Mittlerweile gibt es hierzulande 50 Friedwald-Standorte. 2009 waren es erst 29. Träger der Bestattungswälder sind wie beim Friedhof die Gemeinden. Friedwald und Ruheforst lassen sich ihre Dienstleistungen wie Franchisenehmer je nach Umfang bezahlen. Die Nachfrage ist groß – auch von Seiten der Kommunen, die ihre Wälder nachhaltig und wirtschaftlich bewirtschaften wollen. Ein neues Zubrot für Gemeinden und Förster.

Die Naturfriedhöfe haben aber auch Nachteile: Es gibt keine befestigten Wege und einige der Wälder sind mit öffentlichen Verkehrsmitteln weniger gut zu erreichen als zentral gelegene Stadt- und Dorffriedhöfe. Für Bestatter, Friedhofsgärtner und Steinmetze bleibt zudem in den Bestattungswäldern wenig zu tun. Da allein die Jahreszeiten für den Grabschmuck sorgen, und die Beerdigung der Urne meist schlicht ausfällt, werfen die Ruhehaine für diese Gewerke wenig bis nichts ab.

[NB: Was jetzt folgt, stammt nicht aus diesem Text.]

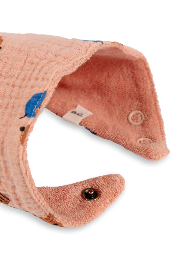 Introducing the Muslin Set: Bib and Blanket by the esteemed Spanish brand Bobo Choses. This enchanting set, crafted from premium organic cotton muslin, embodies both elegance and whimsical charm. Designed for the tender age of 0-36 months, it ensures unparalleled comfort and style for your little one. The blanket showcases a delightful pink hue adorned with playful brown animal prints, accented by quaint blue hats. Its lightweight, breathable texture renders it exquisitely soft and gentle against a baby\'s delicate skin. The rectangular shape with rounded corners and evenly distributed prints make it a visual delight. Complementing the blanket, the bib shares the same charming pattern and color palette. It features a triangular shape with rounded edges and a double snap closure for adjustable fit and effortless use. The inner side is lined with a plush terry cloth for added absorbency and comfort. Elegantly packaged, this set comes with the brand\'s signature label, making it an ideal gift for discerning parents. Why Choose This Product? Exquisite design by Bobo Choses, known for its imaginative and playful aesthetics. Crafted from 100% organic cotton muslin, ensuring superior softness and breathability. Unique and charming animal prints that delight both children and parents. Adjustable and practical bib design for ease of use. Elegant packaging, perfect for gifting.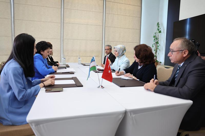Kadın, çocuk, aile ve sosyal politikalar konularında görüş alışverişinde bulunulan görüşmede, Türkiye ve Özbekistan arasında imzalanması planlanan aile ve kadın alanındaki mutabakatın da ele alındığı bildirildi.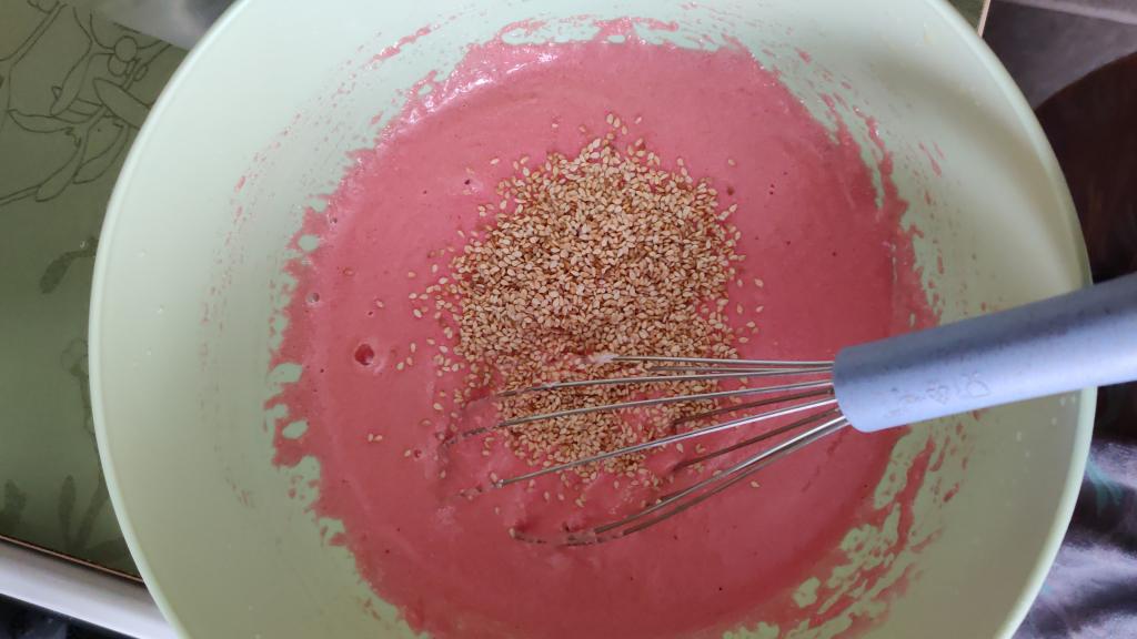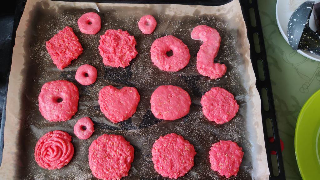 Я в рецепт добавила немного капель красителя и получился вот такой цвет) обжарила кунжут и добавила в тесто. Поставила в духовку и жду... На пробу оооочень вкусно... В манке не обваливала. Пергамент смазал чуть маслом и посыпала манкой. Формовала печенья так: поставила кружку с холодной водой и совсем немного смачивала пальцы. Нижние печенья просто с помощью ложки формовала,они от того интереснее стали,тесто липкое и они получились как "ёжик")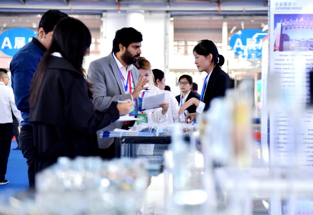 2024年10月10日,采购商(中)正在2024年中国永年紧固件国际采购大会现场领会紧固件产物消息。记者 王晓 摄永年区还积极组织紧固件企业加入、俄罗斯、阿联酋等举办的国际行业展会,永年区紧固件出口跨越11亿元,同比增加11%。一颗颗螺丝,“拧”出了现代工业,也为本地“拧”出了一个400多亿元的大财产;半个多世纪的打螺丝,为临洺关镇、永年区“打”出了一片广漠的致富市场。(视频报道员:李娜、王卫波)。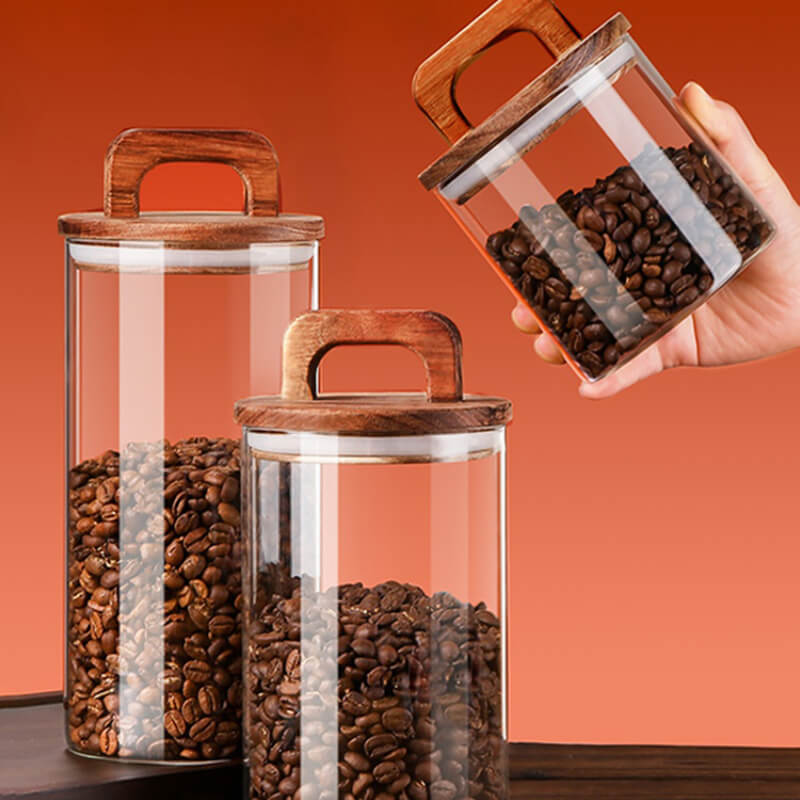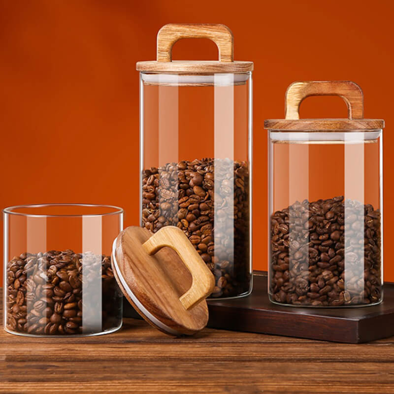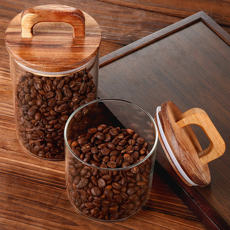 Wholesale Kitchen Coffee Beans Dried Fruit Storage Glass Tea Cans Airtight Glass Storage Jars with Wooden Lid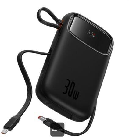 Baseus QPow2 10000 mAh digitális kijelző, gyorstöltés, 30 W-os akkumulátor, beépített kettős C típusú kábellel - fekete * 10000 mAh kapacitás több eszköz töltéséhez * 30 W-os gyorstöltés PD3.0 és QC3.0 támogatással * Digitális LED akkumulátor kijelző a teljesítményszint figyeléséhez * Több eszköz töltése: egyszerre 3 eszközt tölthet az USB-C és USB-A portokon ke

Abschied vom Friedhofszwang

Das hat zu Verstimmungen zwischen manchen Bestattern und Friedwald geführt. Sprecherin Brod ist auf Versöhnung aus. Auf der Messe BEFA in Düsseldorf will sie den Kontakt suchen: „Vielleicht entdeckt der eine oder andere ja, dass es für ihn auch von Vorteil sein kann, uns in sein Portfolio aufzunehmen.“ Der Stand auf der Messe signalisiert, dass es sich bei den Friedwäldern bereits um eine etablierte Größe in der Branche handelt. Die Zeichen stehen auf Expansion. 30 Quadratmeter auf der internationalen Schau statt bisher zehn auf kleinen Regional- oder Hausmessen haben sich die Griesheimer gegönnt. Kein Weg führt daran vorbei. Als Bedrohung für die klassischen Friedhöfe sieht Brod die Bestattungswälder aber definitiv nicht, „dafür ist unser Anteil mit drei oder fünf Prozent doch viel zu klein“.

Zum echten Problem für traditionelle Friedhöfe und Bestattungswälder könnte allerdings der Fall des Friedhofzwangs werden. In Deutschland dürfen Verstorbene oder deren Asche nur auf Friedhöfen beigesetzt werden. Bremen hat das Gesetz, das unter Länderhoheit steht, bereits gelockert. Dort ist es möglich, die Asche Verstorbener auf besonderen Flächen außerhalb von Friedhöfen zu verstreuen. In NRW ist es erlaubt, die Asche eines Verstorbenen den Angehörigen auszuhändigen, wenn sie anschließend beigesetzt wird. Eine Kontrolle gibt es allerdings nicht.

Die Urne der Oma auf dem Kaminsims kennt man in Deutschland bislang nur aus amerikanischen Serien. Und weder Aeternitas-Sprecher Helbach, noch Bestatter Wirthmann oder Friedwald-Sprecherin Corinna Brod halten etwas davon. „Anfänglich ist es vielleicht ein gutes Gefühl, den Verwandten noch in seiner Nähe zu haben“, sagt Brod, „aber nach ein paar Monaten ändert sich das. Der Wunsch, den Toten zu begraben, wächst.“ Den Tod ständig vor Augen zu haben, scheint den Lebenden nicht zu bekommen. Dafür ist es umso wichtiger, einen Ort der Trauer für diejenigen zu haben, die nicht mehr sind. Ob im Bestattungswald oder auf dem Friedhof.